Unter Einsatz der im Vorstehenden hergestellten Adsorbentien
wurden die Adsorptionstests folgendermaßen
durchgeführt: Drei Volumina eines mit einem Anticoagulans
(Natriumcitrat) versetzten Plasmas eines an rheumatoider
Arthritis leidenden Patienten wurden mit einem
Volumen des im Vorstehenden hergestellten Adsorbens
vermischt und 3 h bei 37°C inkubiert. Dann wurde der
Überstand der Plasma-Mischung der Bestimmung des rheumatoiden
Faktors, der Immun-Komplexe, des Fibrinogens
und des Immunoglobulins G unterzogen.
Die Konzentration des rheumatoiden Faktors wurde mit
Hilfe des Latex-Fixierungs-Tests und des Tests der Agglutination
passiv sensibilisierter Hämatocyten bestimmt.
Wenn Polystyrol-Latex-Teilchen, auf denen
Human-γ-Globulin adsorbiert ist, mit dem Plasma eines
Patienten zur Reaktion gebracht wird, das den rheumatoiden
Faktor enthält, wird eine Fixierung der Latex-Teilchen
verursacht. In dem Latex-Fixierungs-Test wird
diese Erscheinung zum Nachweis des rheumatoiden Faktors
herangezogen. Im einzelnen wurde hierzu eine Verdünnungsreihe
des oben erhaltenen Plasmas mit verschiedenen
Konzentrationen unter Verwendung einer Glycin enthaltenden
Saline-Pufferlösung hergestellt, und der
rheumatoide Faktor wurde aufgrund des Plasma-Verdünnungsverhältnisses
bestimmt, bei dem Fixierung der
Latex-Teilchen nicht mehr bewirkt wurde. Mit anderen
Worten: Bestimmt wurde das Verdünnungsverhältnis, bei
dem der rheumatoide Faktor negativ wurde. In den Fällen
des einen hohen Wertes des rheumatoiden Faktors aufweisenden
Plasmas nahm das Verdünnungsverhältnis, bei dem
die Fixierung negativ wurde, zu, während in den Fällen
des einen niedrigen Wertes des rheumatoiden Faktors aufweisenden
Plasmas das Verdünnungsverhältnis, bei dem
die Fixierung negativ wurde, erniedrigt wurde. Der
Latex-Fixierungs-Test wurde mittels eines Gerätesatzes
durchgeführt.
In dem Test der Agglutination passiv sensibilisierter
Hämatocyten wurden Schaf-Erythrocyten, an denen Kaninchen-
γ-Globulin adsorbiert worden war, eingesetzt; die
anderen Arbeitsgänge waren die gleichen wie beim Latex-Fixierungs-Test.
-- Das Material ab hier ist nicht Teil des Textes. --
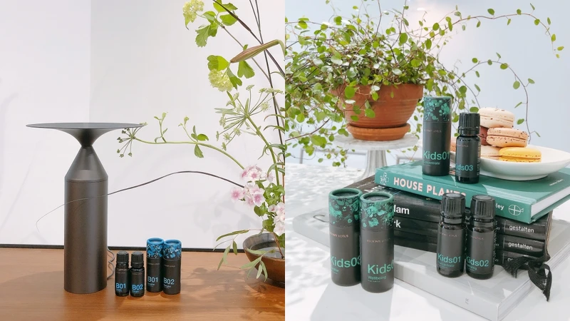 配方精油針對現代人的生活需求打造出思緒清晰、活力充沛兩款。另外甚至有為兒童設計的專屬三款精油。
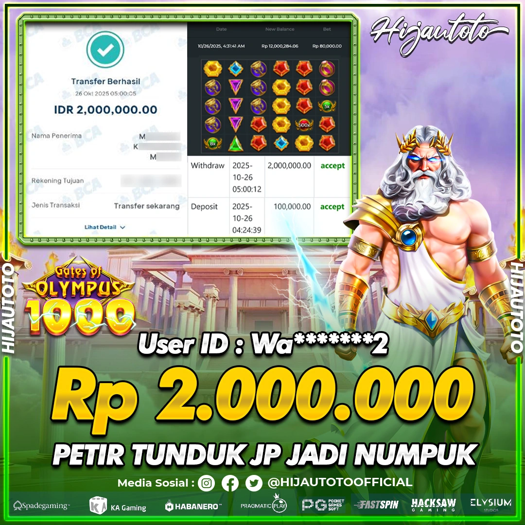 Karena berhasil memenangkan Rp.Rp.2.500.000 dari permainan seru GATES OF OLYMPUS 1000 di HIJAUTOTO! πŸ’°πŸ’Έ
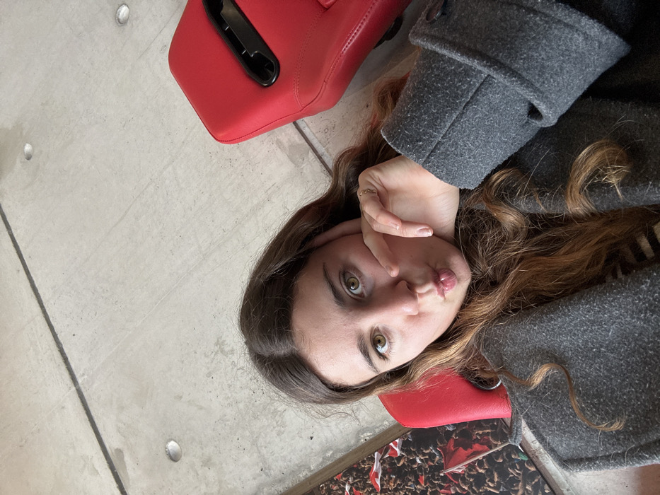 The scene is an interior shot, located within the Benfica Museum (Museu Cosme Damião) or a related fan experience area at the Estádio da Luz complex in Lisbon, Portugal. A young adult female with long brown hair, wearing a dark grey textured coat over a striped garment, is seated in a red, bucket-style chair. Her light-colored eyes are directed towards the camera, and her lips are pursed. Her left hand, adorned with a ring on the ring finger, rests near her chin. A second, identical red seat is partially visible in the upper right background. The general background consists of a light grey concrete wall or ceiling featuring dark linear patterns and several circular indentations. To the lower left, a large graphic display or poster depicts a dense crowd, many individuals holding red and white flags, consistent with the colors of the Sport Lisboa e Benfica team.
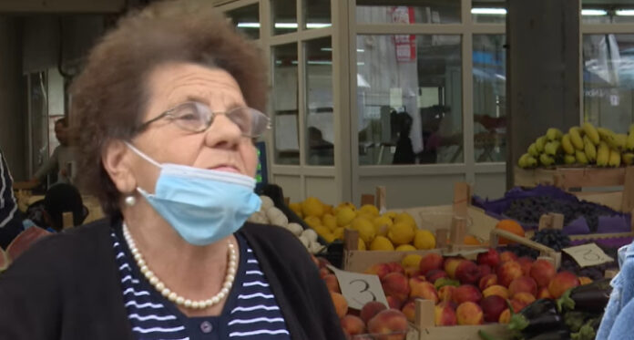 “Oni kupuju u malim količinama, po dva paradajza, ali kupe…”, kaže prodavačica na pijaci Muratka Banda.
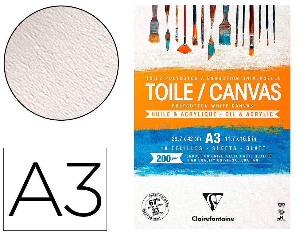 Toile blanche prête à peindre en polycoton (67% coton et 33% polyester). Tissu au grain moyen et régulier et à l'enduction universelle de qualité pour une meilleure accroche. Dédiée à la peinture à l'huile et à l'acrylique. Souple, elle se tend et se détend facilement selon le taux d'humidité. Sans acide, les couleurs sont préservées.

Der Test der Agglutination passiv sensibilisierter
Hämatocyten wurde mittels eines Gerätesatzes
(RAHA Test Kit) durchgeführt. Es wird allgemein
angenommen, daß in dem Test der Agglutination passiv
sensibilisierter Hämatocyten die Spezifität für den
rheumatoiden Faktor höher ist als in dem Latex-Fixierungs-Test.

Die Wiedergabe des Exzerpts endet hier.